2. The Courts below held that there cannot be any easement by prescription as the plaintiff admitted that the disputed property belongs to him. The only question to be considered is as to whether a plea of ownership and a plea of easement can be advanced alternatively in a suit. Ownership and easement right are inconsistent and cannot co-exist in the same person. Section 4 of the Easements Act defines 'Easement' as follows :
"An easement is a right which the owner or occupier of certain land possesses, as such, for the beneficial enjoyment of that land, to do and continue to do something, or to prevent and continue to prevent something being done, in or upon, or in respect of, certain other land not his own."

An easement is a privilege, without profit, which the owner of one tenement has a right to enjoy in respect of that tenement in or over the tenement of another person, by reason whereof the latter is obliged to suffer or refrain from doing something on his own tenement for the advantage of the former. The following six characteristics are essential lo an easement : --
(1) There must be a dominant and servient tenement:
(2) An easement must accommodate the dominant tenement;
(3) The right of easement must be possessed for the beneficial enjoyment of the dominant tenement;
(4) Dominant and servient owners must he different persons:
(5) The right should entitle the dominant owner to do and continue to do something, or to prevent and continue to prevent something being done, in or upon, or in respect of, the servient tenement; and
(6) The something must be of a certain or well defined character and be capable of forming the subject matter of a grant.
As existence of both a dominant tenement and servient tenement is essential to the creation and existence of an easement it is difficult to conceive of a position where a person can claim easement by prescription when he owns both the tenements. It may be permissible in the plaint to advance an inconsistent plea of ownership and easement alternatively, but it is necessary that the plaintiff should press one of them only either at the stage of evidence or a subsequent stage.
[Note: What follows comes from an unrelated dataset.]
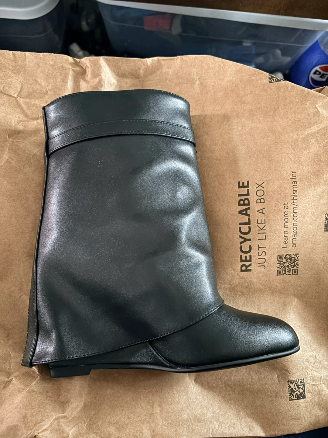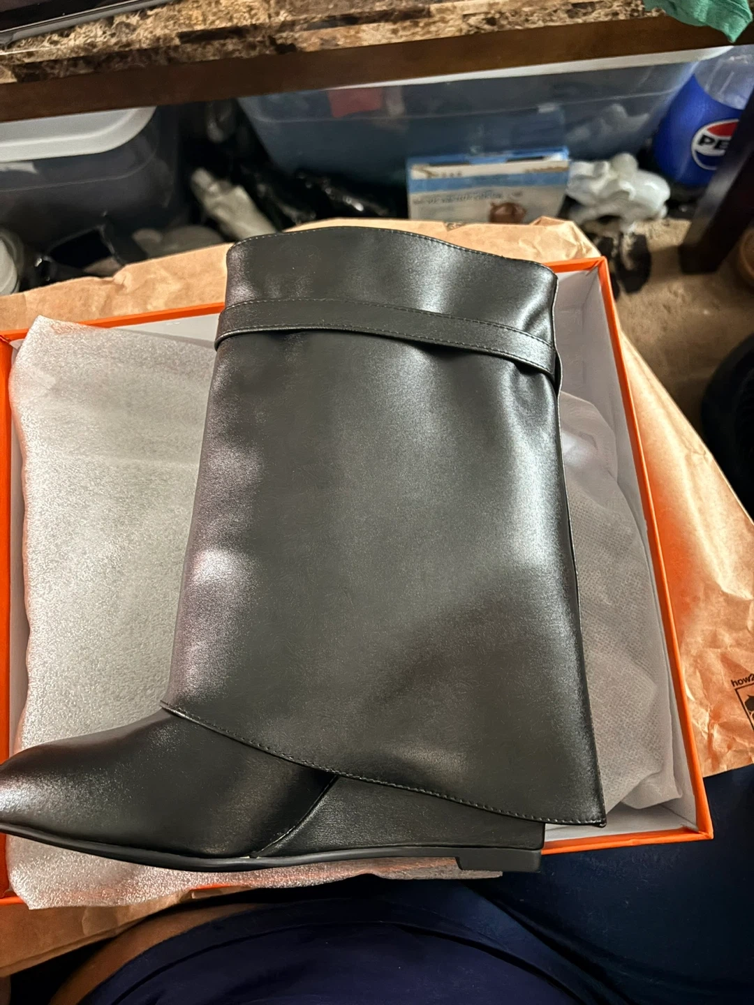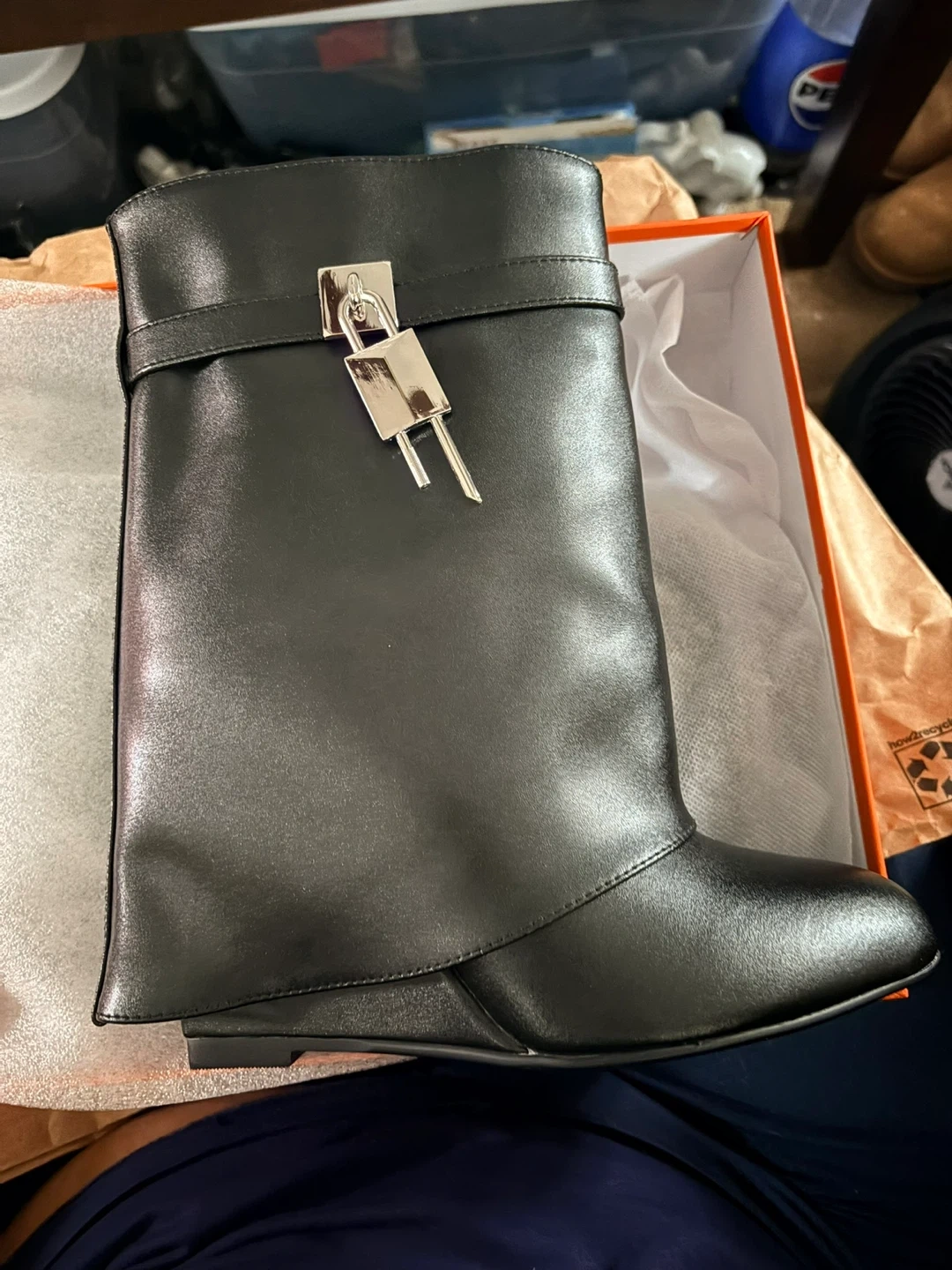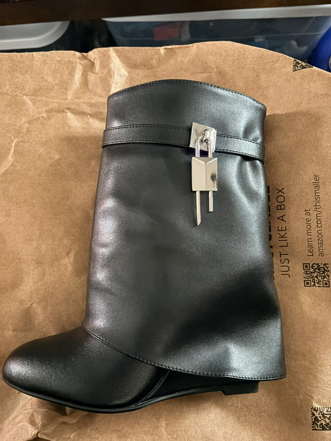Black wedge boots in a slip-on style. Features a decorative lock accent at the ankle strap. Wedge heel and black sole. Includes original box.

When the dominant and servient tenement are in the ownership and possession of the same person acts done by him on the servient tenement are clearly referable to his possession of that tenement and hence there cannot be any easement by prescription,
3. As P.W. 1 has admitted that the property, through which he claims right of way be longs to him it is difficult to accept his case that he has prescribed easementary right in the property. P-W. 1 deposed that the demolished bund belongs to him absolutely. He claims ownership under a sale deed and stated that he is prepared to produce the same before the court. In view of the above testimony of P.W. 1 the Courts below were justified in dismissing the suit.
There is no merit in the Second Appeal and hence the same is dismissed. No costs.